What If We All Become Adivasis
Why do you call us poor. Why do we call us deprived. Why do you laugh at our clothes. Why do you ogle at our girls. Why do you call us lazy and drunkards. Why do you send the forces here. Do we go to your Delhi and dig a hole at India Gate.
Why does our constitution and our courts
not protect us. Why is it always us who have to give up our lands for the
greater good. Why? A few kings asked me.
Kings for they are, king of all that they
survey. For hundred and hundreds of years. Pushed into corners in obscure
cities, far from homes, as endless projects encroaches into our the lands of
our gods and goddesses, where do adivasis go, for they have nowhere to go.
How will this end is a question that has been plaguing me for decades now. Oscillating between romantic visions of adivasi life to frequent reminders that little is left of the ancient adivasi world, where do we turn to.
..... exactly is adivasi life. As a non-adivasi, perhaps many of us will never be able to completely understand a world where less is more and the forest is enough, enough for not one but entire villages, where a single household in a remote corner of the world has enough to sustain not for one but several generations, where money is but still an alien construct.
For a while, I decided to become an
adivasi. And evoke my deepest thoughts. And what did I find in these few
moments of clarity.
Not much because it is not rocket science.
It is a world where the people, cut off from much of the larger world is but
dependent upon nature for their very survival.
Here the people trust nature’s
constitution. Prakriti ka constitution. A sanvidhan which places value
on everyday life and where everyone respects the life and livelihoods of all,
where people do not need to travel long distances to attend a court which they
don’t understand and talk to officers who show not much but contempt.

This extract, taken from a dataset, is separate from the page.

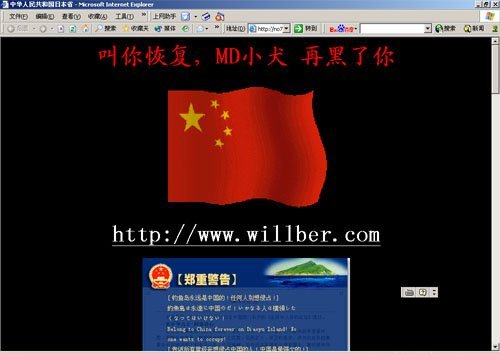 ?資料圖:早先日本網(wǎng)站曾被掛上五星紅旗。

The manifesto of nature’s constitution has
always been there. It entails a few simple principles namely, living off the
land and being allowed to receive nature’s gifts without restrictions. Here,
there are no forest guards to watch over you and invariably take a chicken or
two.
Raju pointed at a house in the middle of a
forest and pointed out its peculiarities. Hardly much material wealth, a few
Gogra trees, 25 chicken, 5 goats and a couple of cows is all that is in this household. They did not need much else. And why would they need it. There
was no need to compete against oneself and the other, for there was nothing to
compete for. They are getting their daily nutrition right here, a few fish for
breakfast, some liquor for evening jaunts, a little farming and a regular
supply of millets. The frogs and snakes are always around, in case there is a
need for meat.
And the Marias are content. There is little internet or mobile network but they do not feel the need yet or it. There is ample in the forest to get connected too. The annual festival is coming up in January and the topic for discussion is serious. There are plans to bring all 108 Maria villages together ad plan the Bablai mata festival deep inside the forest. There will be fairs and festivals, perhaps a lot of revelry. The Bhumiyas will discuss the future of their land and in the light of mining operations commencing in Surajgarh, adivasis leaders will discuss the next course of action.
Nature’s constitution is but a natural extension of our own venerable constitution, the one book that is as widely read and quoted as the Koran or the Gita. For it places the onus of a worthy life upon the people and the state, a simple vision where the most powerful institution stems from the soil.
The key principles of nature’s
constitutions are simple. Let everyone have a right to exercise their genius,
follow the laws of the land and use our constitution to ensure justice for all. The steel frame practices policies that are not detrimental
to the people and where the idea of heaven as mentioned by an old Adivasi
several decades ago, that the idea of heaven is miles upon miles of forest
without a forest guard.
Here mining is not necessary and cities need to be their own growth engines, not a beast that constantly sucks the energy of the countryside. Here agricultural fields are so densely surrounded by giant trees that one might confuse it for a forest, but a forest it truly is. A forest where space is given to the first people of India to freely practice their craft and islands of biodiversity flourishes in an obscure world that is really nothing but a simple place. Here weekly haats are the main economic engines and not some alien’s enterprise who travels unannounced to Adivasi land, encroaches their space and decides to call himself a native.
It is virtually impossible to define this way of life but surely, it is marked by the simplicity of nature where humans constantly keep reminding themselves that nature should not be played around with or the implications will be grave.